Im Vorfeld hatte Oberbürgermeister Uwe Kirschstein (SPD) gestern zu einem - jedenfalls von der Terminierung her - ungewöhnlichen Pressegespräch eingeladen: Direkt vor der Stadtratssitzung informierte er die Medienvertreter über die Hintergründe und den Ablauf der bisherigen Sitzungen - da die Beratungen "bisher zum Großteil im nichtöffentlichen Bereich" abgelaufen seien. Mit dabei Verantwortliche der Bauverwaltung, des Rechtsamtes und der Anwalt Arnd Bühner, der für die Stadt die sich aus der Änderung der Planungsverträge ergebenden juristischen Fragen klären soll.


Wo bleibt die Öffentlichkeit?

Vorweg gesagt: Viel Neues zur Sache erfährt die Öffentlichkeit dabei nicht. So zum Beispiel nicht, wann die Expertise des Architekten und Stadtrats Sebastian Körber (FDP) veröffentlicht wird, der vom Stadtrat beauftragt worden ist, Licht in den undurchsichtigen Ablauf der Sanierung zu bringen. Seit Wochen ist er an der Arbeit. Durfte auch schon einen Zwischenbericht abgeben - nichtöffentlich, versteht sich. Auf die Frage unserer Zeitung, wann denn der Bürger über Körbers Erkenntnisse erfährt, meint Oberbürgermeister Kirschstein lapidar: "Berichtspflicht besteht gegenüber dem Stadtrat, nicht der Öffentlichkeit." Und auf die Frage, ob es denn sinnvoll sei, über eine europaweite Ausschreibung der Planerleistungen entscheiden zu lassen, ohne abzuwarten, bis die Körber-Expertise vollständig vorliege, erklärt Kirschstein: Die Akteneinsicht Körbers habe keinen Einfluss auf das EU-Vorinformationsverfahren. Was das sogenannte EU-Vorinformationsverfahren ist, darüber klärte Rechtsanwalt Arnd Bühler auf.
Zunächst aber, warum die Neuvergabe der Planerleistungen notwendig sei. Kirschstein erklärt: "Wir können, wollen - eigentlich müssen wir - die bisherigen Planungsverträge beenden. " Dies hänge mit der 2017 durch den Stadtrat beschlossenen Neukonzeption der Rathausnutzung als "Haus der Begegnung" zusammen. Das Rathaus sei "die Seele der Stadt" und man wolle eine Nutzung, die eine möglichst große "Erlebnisatmosphäre" sicherstelle.

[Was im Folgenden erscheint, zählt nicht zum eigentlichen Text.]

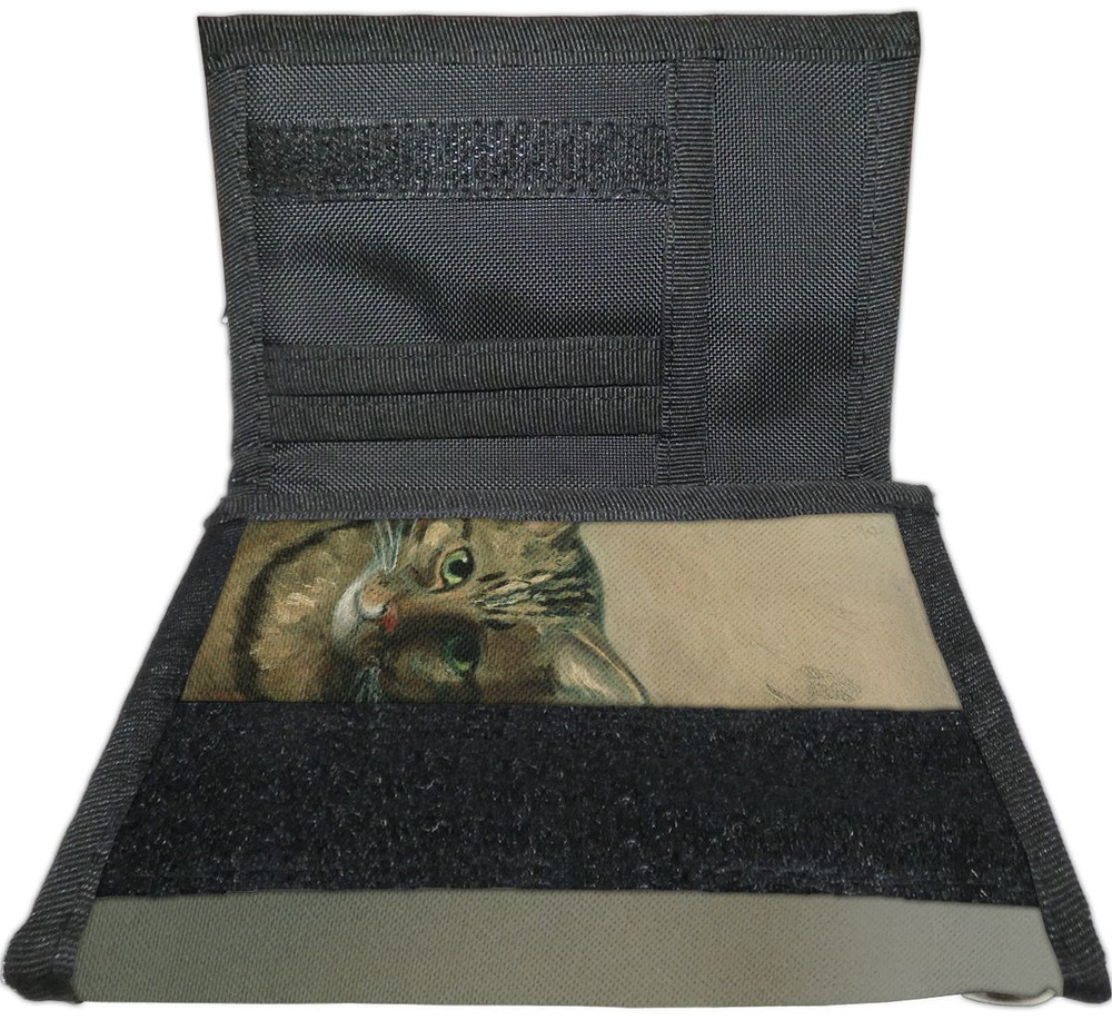 - Portfel zapinany jest na rzep, oraz posiada otwór na łańcuch, lub breloczek np. z kluczami.

Die damit einhergehenden deutlichen baulichen Veränderungen und das größere Kostenvolumen erfordere ein neues Vergabeverfahren.
Rechtsanwalt Bühler rät, dies im Rahmen einer EU-Vorinformation auf den Weg zu bringen. Dies sei der schnellste Weg um im Vergabeverfahren über einen Zuschlag entscheiden zu können. Oberbürgermeister Uwe Kirschstein warnt vor den Folgen, falls keine Neuausschreibung getätigt werde: Dann würden Fördergelder auf's Spiel gesetzt.
Im schlimmsten Falle könnten die gesamten Kosten für die Planerleistungen ab der Leistungsphase fünf dann wegen Verstoßes gegen das Vergaberecht aus der Förderung herausfallen. Der im Risiko stehende förderfähige Anteil betrage 1,2 bis 1,8 Millionen Euro.
Rechtsrat Till Zimmer findet deutliche Worte: "Es steht so viel auf dem Spiel, dass wir den Weg weitergehen müssen". Da fällt dem Presseberichterstatter nur noch das alte Lied von Milva ein: "Weitergeh'n - egal was kommt".